The Presence of Grace (Love and Loss #2)(49)
“I never would have—”
“I know. And that’s one of the things I love about you.”
She stilled at my words, but spoke almost immediately.
“There’s more than one?”
“There’s a lot. I find a new reason every day. Sometimes two.”
“Devon,” she whispered. I could tell my words were scaring her, but I hoped it was scaring her because she felt the same way, and not because she didn’t. So I did stop, but only because I grabbed her under her arms and pulled her up my body, bringing her mouth right to mine.
A whisper-quiet moan escaped her, but then her mouth answered mine, parting her lips and welcoming me in. My hands roamed her back, tangled in her hair, and held her close to me. Her hands found the sides of my neck and held on, her hair falling like a veil around us.
She let me kiss her, if only for a few moments, before she pulled away with a worried look on her face.
“Devon, please, we have to talk about this.”
“About what?” I asked, still playing with the hair that was draped around us. “The pictures, or me loving you?”
“Both,” she said, the word falling from her mouth on a breath.
I kissed her again, this time wrapping my arms around her and rolling her under me. I wanted her totally present for the conversation and didn’t want her wiggling away from me—either emotionally or physically. We were going to talk about this until it was clear to her that she was it for me.
She let out a tiny squeal when she realized what I was doing, and I pushed up on one arm so as not to squish her beneath me. My other arm was next to her head, my hand still in her hair.
“It was time for the pictures to go, Grace. Regardless of my dating status, we don’t need a shrine to Olivia in the living room. There are still plenty of photos around the house and in the kids’ bedrooms, and I can always pull them out of the garage when the kids want to look at them. I didn’t take them down for your sake. But I’m not going to lie and say you, and my feelings for you, didn’t have something to do with it.”
“You’d be doing it even if I wasn’t in the picture?”
“Eventually.” I could tell my answer made her uncomfortable, so I simply leaned down and kissed her. I nipped at her bottom lip until she opened for me, and then swept my tongue through her mouth, trying to convey even one fraction of the way I felt about her in our kiss. It was deep, passionate, all-consuming, and made me breathless. “I don’t want to talk about the pictures anymore,” I said, pulling back slightly. Only enough so that I could speak.
“Okay,” she whispered back. “What should we talk about?”

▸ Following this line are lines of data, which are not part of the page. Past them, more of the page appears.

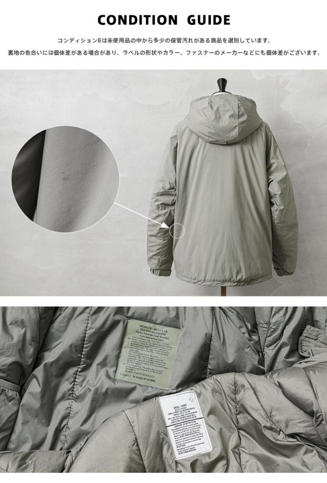 | 商品状態 | 実物新品未使用デッドストック ※コンディションBは未使用品の中から多少の保管汚れがある商品を選別しています。入荷時期によりタグにマジックで線や文字が書いてあるものもございますが、新品未使用品に間違いございません。GEN IIIやプリマロフトのタグがないものも混在しております。裏地の色合いには個体差がある場合があり、ラベルの形状やカラー、ファスナーのメーカーなどにも個体差がございます。商品の状態についてご指定いただくことは出来ませんので予めご了承ください。 | |||||||||||||||||||||||||||||
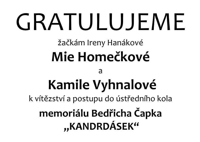 Gratulujeme – žákyním Ireny Hanákové Mie Homečkové a Kamile Vyhnalové k vítězství a postupu do ústředního kola memoriálu Bedřicha Čapka „KANDRDÁSEK“
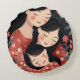 Este ilustracion captura un momento tierno entre una madre y sus dos hijos, envueltos en un abrazo amoroso. La obra de arte está adornada con vibrantes estampados florales en tonos rojos, negros y blancos, que simbolizan calidez, afecto y armonía. Las expresiones suaves y los ojos cerrados de los personajes transmiten paz y profunda conexión, enfatizando el amor incondicional de una madre.
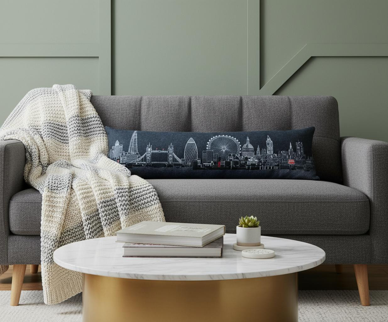 Showcase one of the most famous cities in the world with our London Skyline Lumbar Decorative Pillow. This night view of London is one of the most famous landscapes in the world. The gorgeous art features famous architecture and landmarks including Big Ben and The London Eye, rendering a modern whimsical way to bring this iconic cityscape to life. Made of a wool/nylon blend, this high quality stitched decorative pillow features embroidered artwork mixed with pops of color that highlight important and recognizable icons from this fabulous city. This pillow makes a great gift, decorative accent and conversation piece. 14-inch H x 45-inch W x 4-inch D
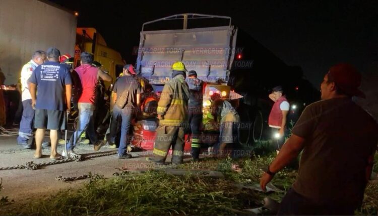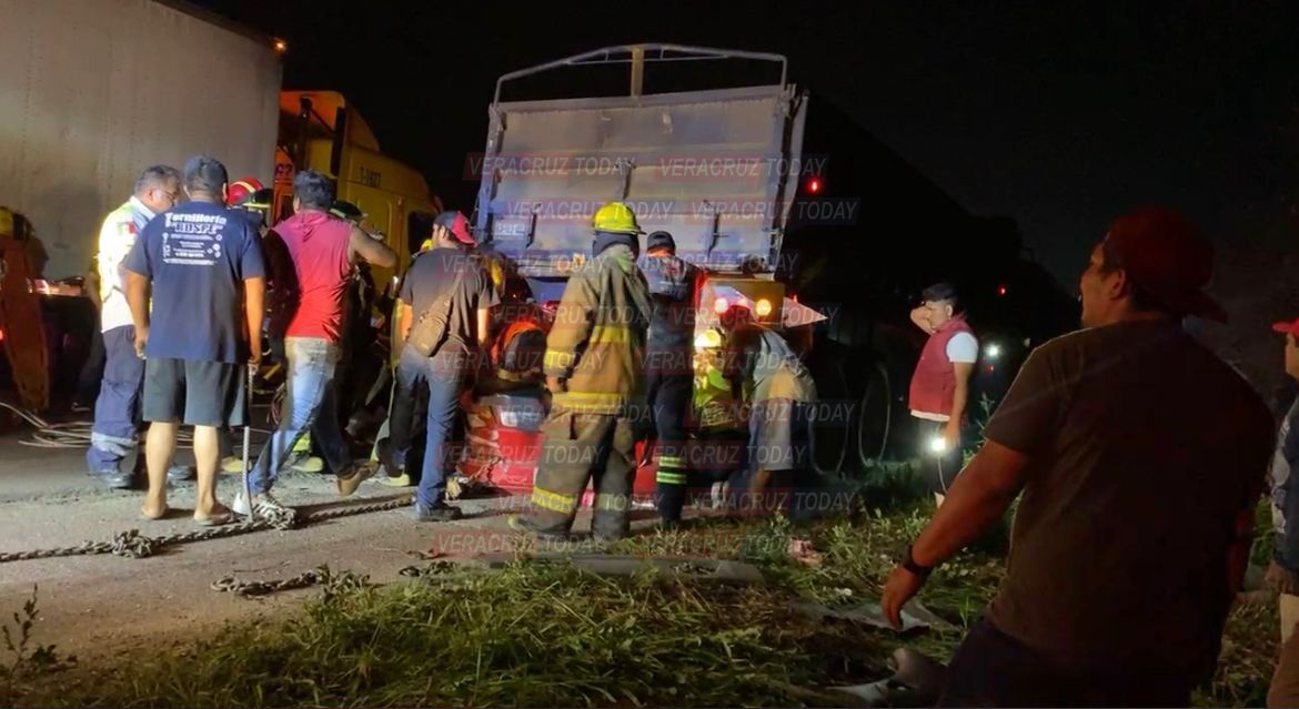 Cuerpos de auxilio de la región sur de Veracruz, arribaron al sitio para trabajar en coordinación e implementan estrategias para rescatar a una mujer que quedó prensada entre los fierros de su unidad y que aún cuenta con signos vitales. Las maniobras se han complicado porque el vehículo compacto fue aplastado por la caja de uno de los tractocamiones.

I kissed her bottom lip again, this time tugging gently on it only because I knew she liked it. I was rewarded with a small groan from her. I smiled, moving my lips over her cheek and down her throat. “I want to talk about how much I love you,” I said against her neck, grinning when she moved her head to the side, giving me better access.
“How much?” she said, half moaning the words and half pushing them out on a breath.
“More than is reasonable,” I said, smiling against her. I placed one more kiss against her neck, just behind her ear where I knew she liked it, then pulled up to look her in the eye. “I love you, Grace. More than I think I deserve to, sometimes. I don’t know how I got so lucky to find you, to find this happiness again, but I’ll never stop trying to make you feel my love for you.”
Her hand ran up my chest, stopping right over my heart where I was sure she could feel it thumping. “I love you too. I love you. And I’m so scared,” she whispered, her eyes narrowing.
“I know,” I said, my voice matching hers. “But I promise you’ve got nothing to be afraid of. I’ll spend the rest of my life loving you, if you’ll let me.”
“I want that.”
I leaned down and kissed her again, slowly this time, letting our words seep into her, hoping they’d fill some of the cracks I knew were left behind.
“Do you remember the first night we met?” I whispered to her a while later as we lay in my bed, nothing between us except love.
“Back in Fairbanks?” she asked, drawing a circle on my chest with just her finger.
“Yeah.”
“Of course.” She looked up at me, gorgeous hair crazy and wild, eyes so blue that not even the ocean could compare.
“I remember telling you that every day I woke up and only hoped that day would be better than the last.”
“I remember that too.”
“You make every day better, Grace.”
Chapter Seventeen
Grace
“Oh, God, that’s good.” My eyes closed and my head dropped back as I savored the first sip of coffee that morning. Devon hadn’t let me sleep at my apartment in days, and I was still paranoid about the kids finding me there, so I’d been getting up at the crack of dawn and it was beginning to take its toll.
Curling up in my recliner next to the window in my living room, I let my thoughts drift back to the night before and all the revelations Devon had shared with me. With my coffee cup resting on my knee, my hands still wrapped around it for its warmth, I let my head fall to the side, against the smooth leather of the chair. My eyes closed and immediately the images of Devon from the night before flooded my mind.